I used to play chess with a boy called Michael Jackson
he wasn't very good at chess
but that was the least of his problems.
I still think about little Michael Jackson
that it must be so hard not to be able to answer the most straight forward question.
'What's your name?'
'Michael Jackson.'
Imagine the quips.
Especially now.
'I thought you were dead!'
Even making the most basic phone call
calling up BT or HSBC
when they say 'what's your name?'
and you say 'Michael Jackson.'
and there's a pause and you say
Yes it is the same as the singer.
Yes it can be a bit annoying.
No, you're not the first person to say it.
No I don't know what my mum and dad were thinking.
I guess they just never listened to Thriller
or Want you Back
I guess my dad was just too busy
working fifty hours a week as a neurosurgeon
and my mum was too busy looking after her brother
who has Down's Syndrome
to be listening to disco.
It must be so hard for little Michael Jackson
getting into a nightclub
when the bouncer checks his ID
and calls over his mate and says
'this one's called Michael Jackson.'
And going through customs
little Michael Jackson will be stopped
and asked 'Can you do the moonwalk?'
and he'll say 'No, I'm just on holiday with my wife
and they'll say 'Lisa Marie Pressley?'
and he'll say no, she's called Anne. Anne Jackson.
Try making a joke out of that.
It's a bit like people who's surname is Smyth
with a y
and whenever they say their name they have to say
... it's Smyth but with a y
and then they see it written down and it's spelt Smith with an I
and they have to correct the girl on reception and say
it's nothing really, but it's spelt with a y
and you must think Why is life this complicated?
I'm just trying to say my own name.
And there must be thousands of people
who all have to go through the same tedious repetition
people called David Camerons
James Bond
Harry Potter
Julia Roberts
Steve Davis
Mark Thatcher
Katie Price
Fred West
and little Michael Jackson
who says 'No, I'm not the singer
I just want a game of chess.'

Comments
tcook | March 15, 2010 - 16:40
I used to know a guy called James Hunt. He was a terrible driver and had failed his test numerous times. He also still lived at home at the age of 25. Whilst his parents were away he had a party, got off with a girl and, to impress her, offered to drive her home in his Dad's flash motor. He crashed on the way back - into the steps of Leicester's Charles St. Police Station. He was over the limit, hadn't passed his test, therefore uninsured etc. You can imagine the reaction when he insisted that his name was James Hunt. He spent a long time in nick until they believed him.
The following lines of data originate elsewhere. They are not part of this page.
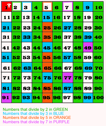 Why did we ignore the number 1? In the book you'll see how the EVIL NUMBER 1 causes all sorts of problems, especially with prime numbers. If we boxed the number 1 then coloured in every number that divides by 1, we'd end up colouring in ALL the numbers! That wouldn't get us very far so that's why we ignored it.
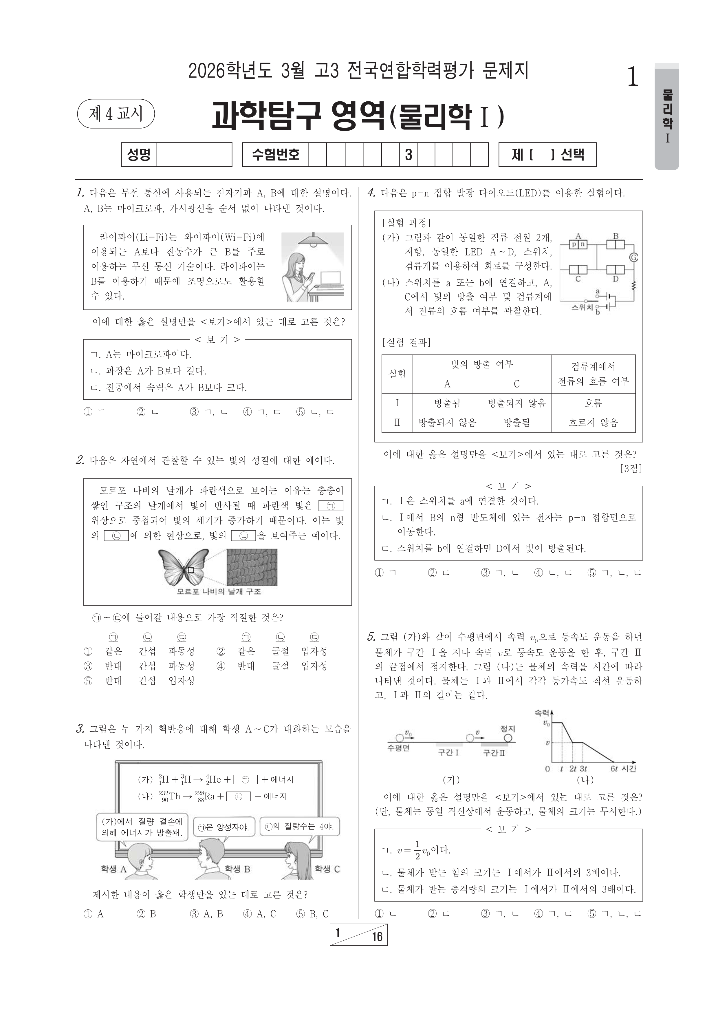 2026-03 고3 학평 과학(물리학Ⅰ) 2026학년도 3월 고3 전국연합학력평가 과학(물리학Ⅰ)시행 : 2026.03.24(화) 대상 : 고등학교 3학년출제 : 서울교육청 고3/과학 2026.03.24
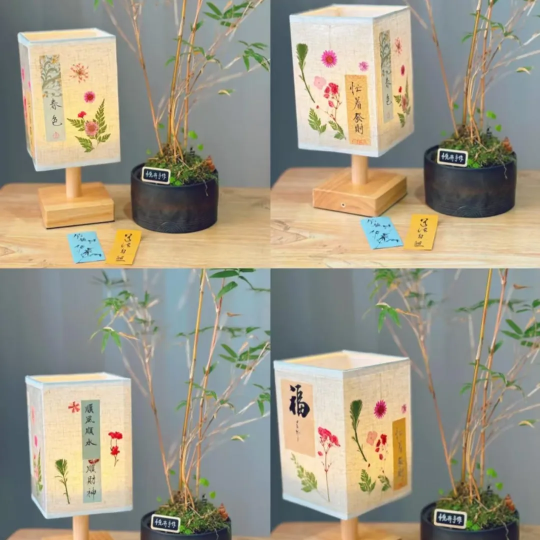 亲手将自然馈赠的花叶嵌入灯盏,
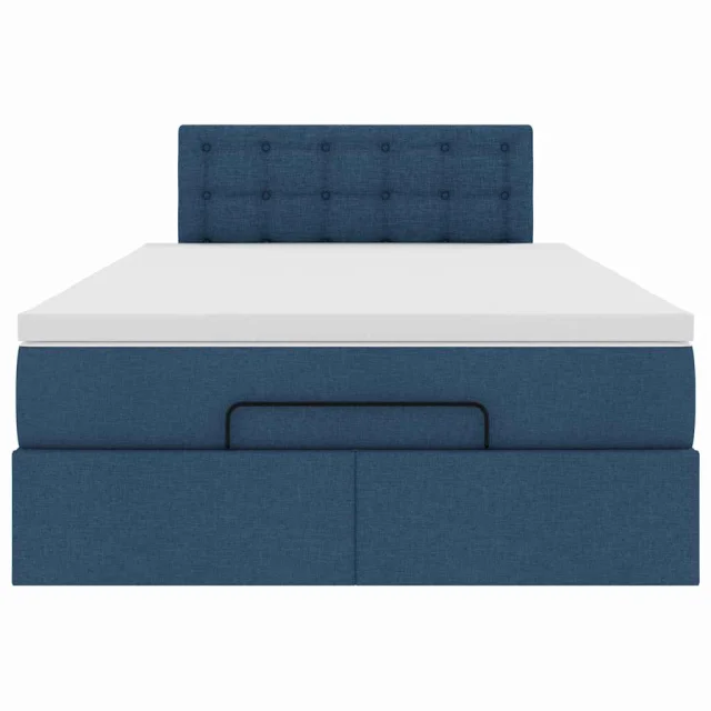 vidaXL Otomanska postelja z vzmetnico & LEDs modra 120x190 cm blago

RachelPatricia | March 24, 2010 - 22:39
When I was at secondary school we were having an assembley one day when the teacher announced an achievement by a girl in a lower year.
Lisa Simpson.
The whole school suddenly burst out with the theme tune to the Simpsons, which even the teachers giggled at, and the poor girl had to get up infront of the lot of us!
I have also known a Zoe Slater (character once in EastEnders), a Chris Tate (character once in Emmerdale) and my old geography teacher once bragged to the class that he'd dated a Pamela Anderson.
I, on the other hand, have a name famous in no way at all and thank my lucky stars!
Great idea, got me thinking about Miss Simpson and how hard it's got to have been for her over the years too, though I doubt it will have been anywhere near as bad as your poor friend Mr Jackson!
The 'being stopped at customs to say can you do the moonwalk' bit is so funny to picture and probably has happened to him on many occassions!